==== TASK INPUT ====

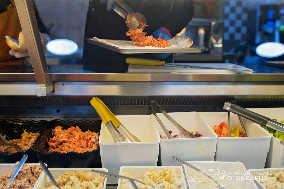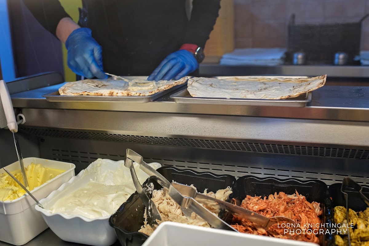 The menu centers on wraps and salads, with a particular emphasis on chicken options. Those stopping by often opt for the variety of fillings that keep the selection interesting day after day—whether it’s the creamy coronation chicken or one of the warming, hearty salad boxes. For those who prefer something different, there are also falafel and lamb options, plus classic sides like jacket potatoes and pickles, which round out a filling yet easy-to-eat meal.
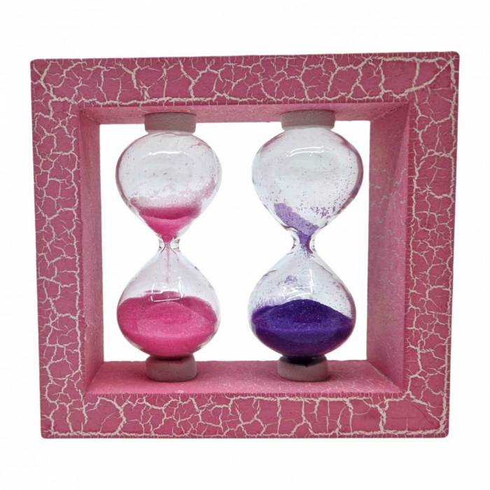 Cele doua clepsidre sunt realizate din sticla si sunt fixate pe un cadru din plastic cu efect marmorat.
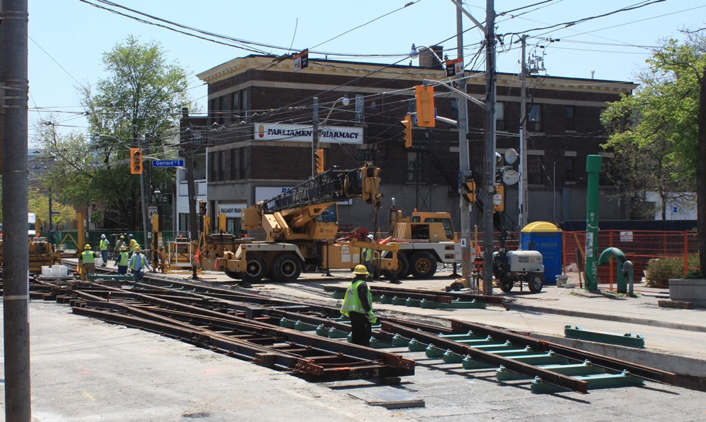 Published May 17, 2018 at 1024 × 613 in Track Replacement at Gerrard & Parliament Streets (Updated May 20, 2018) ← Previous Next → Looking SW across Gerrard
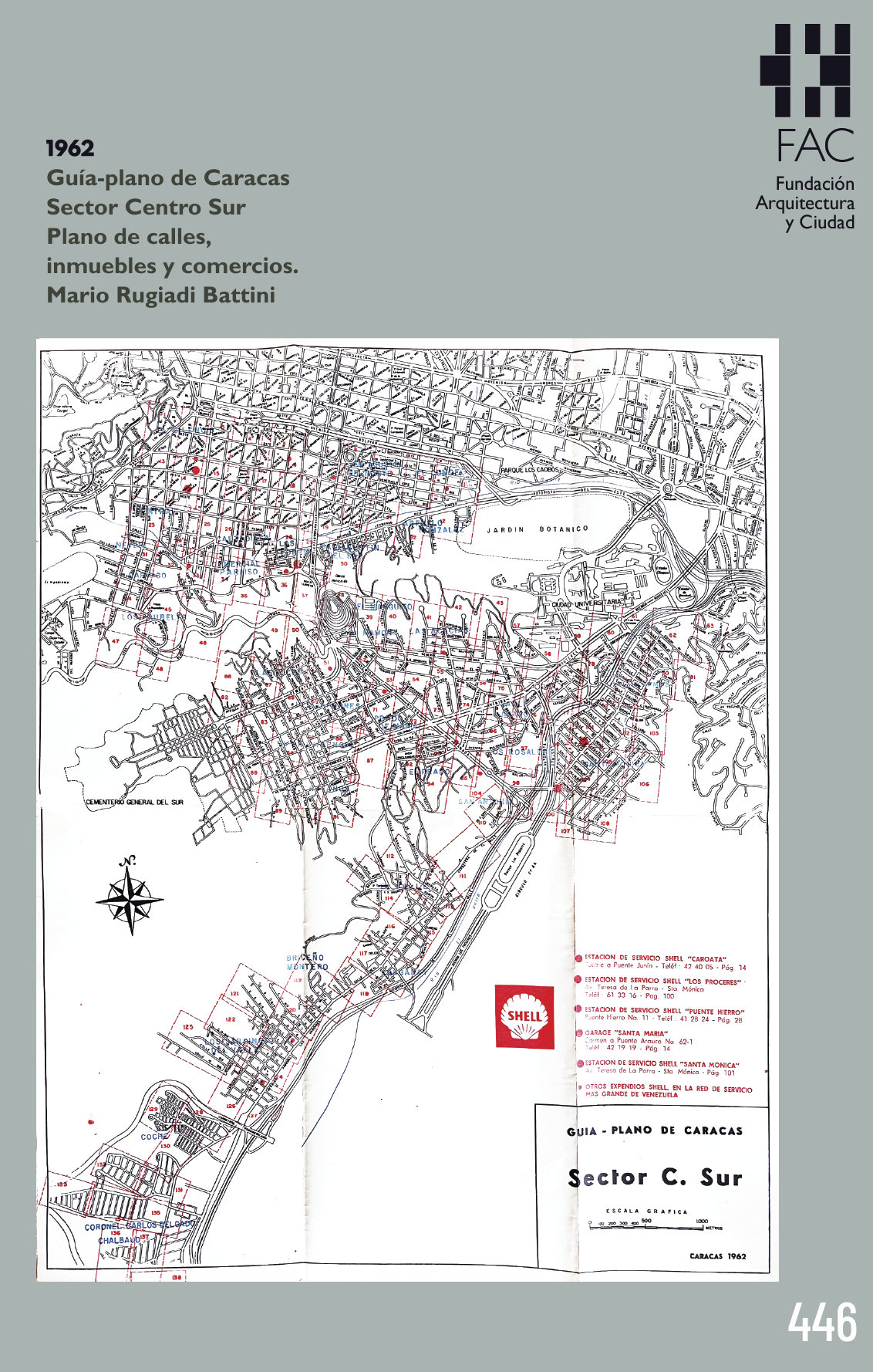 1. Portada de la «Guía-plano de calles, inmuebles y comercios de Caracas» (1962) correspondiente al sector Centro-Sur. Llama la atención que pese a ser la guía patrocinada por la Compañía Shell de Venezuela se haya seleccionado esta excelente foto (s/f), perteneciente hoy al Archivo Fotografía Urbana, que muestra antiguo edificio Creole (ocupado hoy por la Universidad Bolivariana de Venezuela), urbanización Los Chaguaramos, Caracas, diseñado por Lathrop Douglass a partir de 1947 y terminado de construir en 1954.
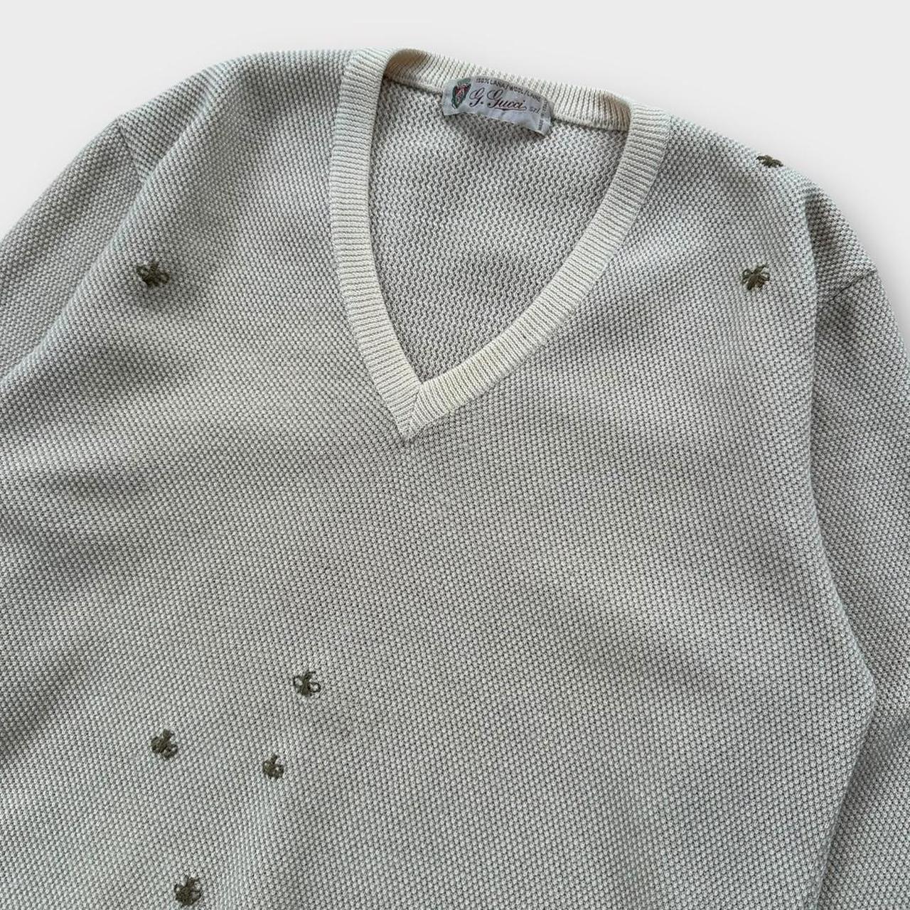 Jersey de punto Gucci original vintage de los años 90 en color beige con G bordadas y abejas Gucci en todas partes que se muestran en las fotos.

====

DESCRIPTION OF THE TASK >> Every record gets retyped exactly; no picture goes into the copy.

THE COMPLETED TASK >>
 The menu centers on wraps and salads, with a particular emphasis on chicken options. Those stopping by often opt for the variety of fillings that keep the selection interesting day after day—whether it’s the creamy coronation chicken or one of the warming, hearty salad boxes. For those who prefer something different, there are also falafel and lamb options, plus classic sides like jacket potatoes and pickles, which round out a filling yet easy-to-eat meal.
 Cele doua clepsidre sunt realizate din sticla si sunt fixate pe un cadru din plastic cu efect marmorat.
 Published May 17, 2018 at 1024 × 613 in Track Replacement at Gerrard & Parliament Streets (Updated May 20, 2018) ← Previous Next → Looking SW across Gerrard
 1. Portada de la «Guía-plano de calles, inmuebles y comercios de Caracas» (1962) correspondiente al sector Centro-Sur. Llama la atención que pese a ser la guía patrocinada por la Compañía Shell de Venezuela se haya seleccionado esta excelente foto (s/f), perteneciente hoy al Archivo Fotografía Urbana, que muestra antiguo edificio Creole (ocupado hoy por la Universidad Bolivariana de Venezuela), urbanización Los Chaguaramos, Caracas, diseñado por Lathrop Douglass a partir de 1947 y terminado de construir en 1954.
 Jersey de punto Gucci original vintage de los años 90 en color beige con G bordadas y abejas Gucci en todas partes que se muestran en las fotos.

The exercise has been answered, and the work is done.